This is precisely one of the most important ideas behind a permanent music data observatory.

4.1 Ongoing Data Collection and Market Monitoring: The Data Observatory Concept

The music industry requires a permanent market monitoring facility to win fights in competition tribunals, because it is increasingly disputing revenues with the world’s biggest data owners. This was precisely the role of the former CEEMID (Artisjus et al. 2014) program, that was initiated by a few collective management societies after a dropped GESAC project. Starting out from three relatively data-poor countries, where data pooling allowed rightsholders to increase revenues, the CEEMID data collection program was extended by 2019 to 12 countries. It was eventually transformed to the Demo Music Observatory in 2020 (Antal 2021), which is now open for any national rightsholder, stakeholder organization, or music research institute. The idea of this observatory was brought to the UK policy debate on music streaming by the observatory’s only (former) British users, via the Written evidence submitted by The state51 Music Group to the Economics of music streaming review of the DCMS Committee (state51 Music Group 2020).

“There are instructive initiatives in other industries in which there is perhaps a clearer and longer standing recognition of the role of economic analysis. This sometimes results in initiatives such as ‘Observatories’ like the European Market Observatory for Fisheries an Aquatorial Products or the European construction sector observatory […] These tend to be collaborative endeavours, with a varying mix of government, industry, economists and in some cases funding bodies. […] To date there have been few if any entities or initiatives for music similar to the above-mentioned observatories. We suggest this is something that policy makers can support and encourage, but which ultimately needs to be driven by the industry itself. […] This is one reason we have worked with the economist Daniel Antal and his team, in particular on the Central European Music Industry Report 2020. Economists such as Daniel Antal produce data about the music industry that is consistent with international statistical standards and adhere to rigorous data ethics principles, seeking external validation through data and code repositories for underlying data and methodologies.”

The data observatory concept is derived from Earth and natural sciences, when often many research stakeholders build large observation stations, such as the Hubble telescope in space, or CERN. Data observatories are managed by a triangular stakeholder base of business, scientific, and policy stakeholders.

The EU has been sponsoring about 60 data observatories, i.e. permanent data collection programs for policy, industrial and scientific research in various domains.
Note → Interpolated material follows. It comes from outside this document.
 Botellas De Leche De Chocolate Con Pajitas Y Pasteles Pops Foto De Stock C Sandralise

These include, for example, the functioning of the milk market, homelessness, the development of alternative fuels, among many others. A similar concept has been embraced by the OECD and some UN bodies, too.
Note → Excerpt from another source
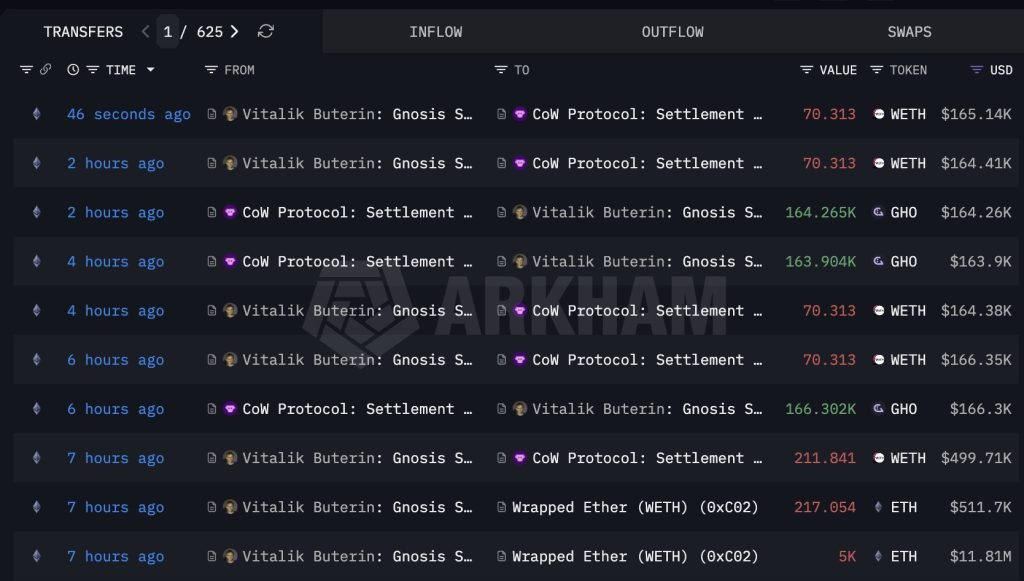 On-chain analysts at Lookonchain reported that Buterin sold 493 Ethereum (ETH), worth roughly $1.16 million at the time of the transaction.

Data observatories are usually managed by a consortium of policy, scientific, and consulting users, or by a public body. In our preliminary research, we have reviewed about 60 observatories sponsored by various EU organizations and added another dozen of data observatories recognized by the Council of Europe, UNESCO, or OECD, and gathered information on defunct observatories that failed to generate a high enough value for money to be continued.

We have identified various problems:

  • Almost no data observatory relies on any form of open data, either under the EU Open Data Directive or various definitions of scientific open data. The EU is financing many data gathering initiatives that do not even seem to consider the feel and high quality alternatives of proprietary data.
  • The quality of the data is often questionable, plagued with erros in measurement units, currency translation, and wrong labeling.
  • The data is often not machine readable, does not conform to tidy data principles, and the use of the data requires significant investment into re-processing in order to be used in statistical or spreadsheet applications.
  • Data documentation is not standardized, and often does not meet scientific or other use standards. Metadata is often ad-hoc and does not follow any international or best practices.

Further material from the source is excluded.